The Gotthard base tunnel, named after the mountain range it will cut through, is 35 miles long and is being built to relieve congestion. About 6 million vehicles and 84,000 trains pass through two existing tunnels in that mountain each year between Switzerland and neighboring Italy. 

A rejection ``would isolate the region further and could lead to an exodus of people and economic decline,'' said Engler. ``The entire Gotthard region has pinned their hopes on becoming more easily accessible.'' 

Opponents of the elevator project say a train stop in the tunnel would slow service, defeating the purpose of a high-speed rail link between the two cities. 

SBB AG, the Bern-based state-owned railway, and lawmakers such as Hans Lauri, the head of the Upper House's finance commission, say the project's feasibility study is incomplete, especially on the impact a train stop would have on service. 

`Dangerous' 

``Billions have been invested for the expansion of the rail transit and it would be dangerous to have an obstacle restricting increased capacity,'' Lauri said in a phone interview. 

More than half of the 153.5 kilometers of access passages, and shafts have already been excavated in the rail tunnel, which is expected to accommodate about 7 million travelers every year after completion in 2015. Some 36 trains per day could halt at the Porta Alpina station, according to a study commissioned by the government and local authorities, attracting an estimated 56,000 one-day tourists annually. 

The study commissioned by the canton of Graubuenden says the elevator would be profitable as annual revenue of between 2.8 million francs and 3.5 million francs would cover operating costs of 2.5 million francs. 

The project's advocates say it will create more than 30 million francs in revenue each year for restaurants, transport and retail businesses in the region. 

Cut Travel Time 

The Swiss government plans to allot 7.5 million francs for initial investment in the project, if it is approved. Regional governments say they will pledge 20 million francs. 

The Porta Alpina project would cut travel time between Zurich and Sedrun and neighboring Disentis to less than 1 1/2 hours by 2025 from close to 3 hours today. The towns say the project is critical to boosting tourism. The number of overnight stays in Sedrun has stagnated over the past five years and is below the peak years of the 1980's, the town's mayor said. 

The elevator would boost the number of visitors by about 30 percent, said Josef Russi, owner of the Sporthotel La Cruna in Sedrun. Overnight stays at the 30-room, three-star hotel have been at 12,000 annually in the past five years, he said. 

Disentis's attractions include a Benedictine monastery that dates back to the 8th century, said Heidi Meier, a spokeswoman for the local tourist office. More recent attractions in the canton of Graubuenden include the sighting of the first wild bear in Switzerland in a century. 

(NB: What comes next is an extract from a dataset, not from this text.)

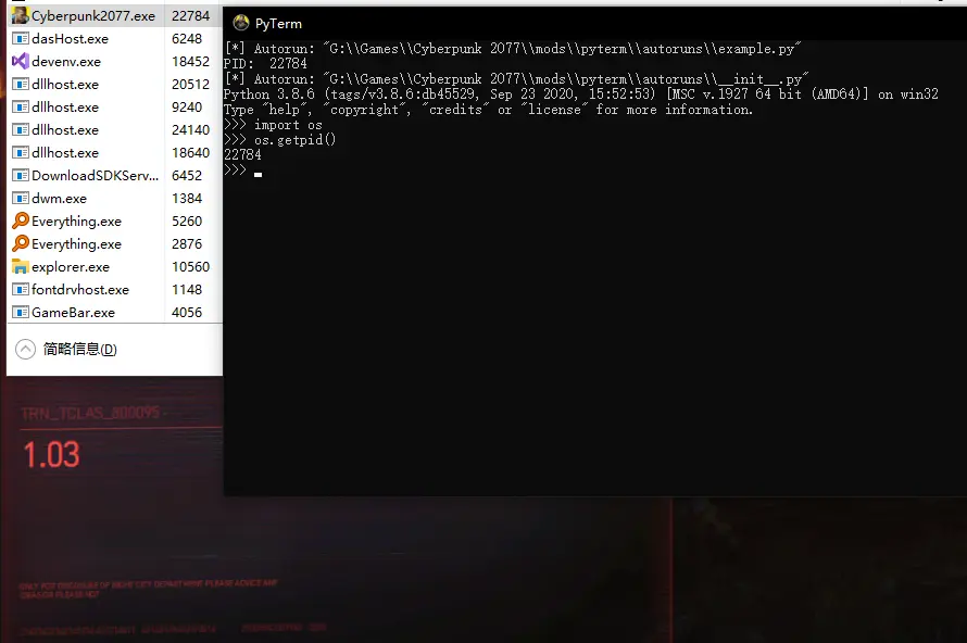 介绍 注入&生成一个Python控制台到游戏进程,支持pip功能。 为什么? Python: 使用 `ctypes` 进行交互式调用 Pip:第三方实用工具(keystone、capstone

Should the government decide to scrap the project, the region won't just miss the additional business, said Berther, Sedrun's mayor. It will also lose a fifth of its population, as some 400 inhabitants currently working on the tunnel are likely to leave once the project is completed.


----------



## Avian001 (Aug 26, 2005)

By the way, the Minnesota MINOS Lab is the _receiver_ for the neutrino experiments. The transmitter is in an underground lab in Lombard, Illinois. That lab is 350 feet below the surface and features a 4000 foot/1219 meter tunnel that slopes _down_. The reason for the slope is that it is aimed toward the Minnesota lab 460 miles/740 km away and must compensate for the curvature of the earth.

The depth of the Minnesota lab is such that the new Burj Dubai would fit inside the height of the elevator shaft.

Regarding the new Swiss project, I would think that this could possibly qualify as the world's deepest "building." It's also impressive because it would be a publicly-accessible structure, though the MINOS lab does allow public tours of the facility.


----------



## PotatoGuy (May 10, 2005)

hmm.. do you mean the most floors that are underground, or the most feet?


----------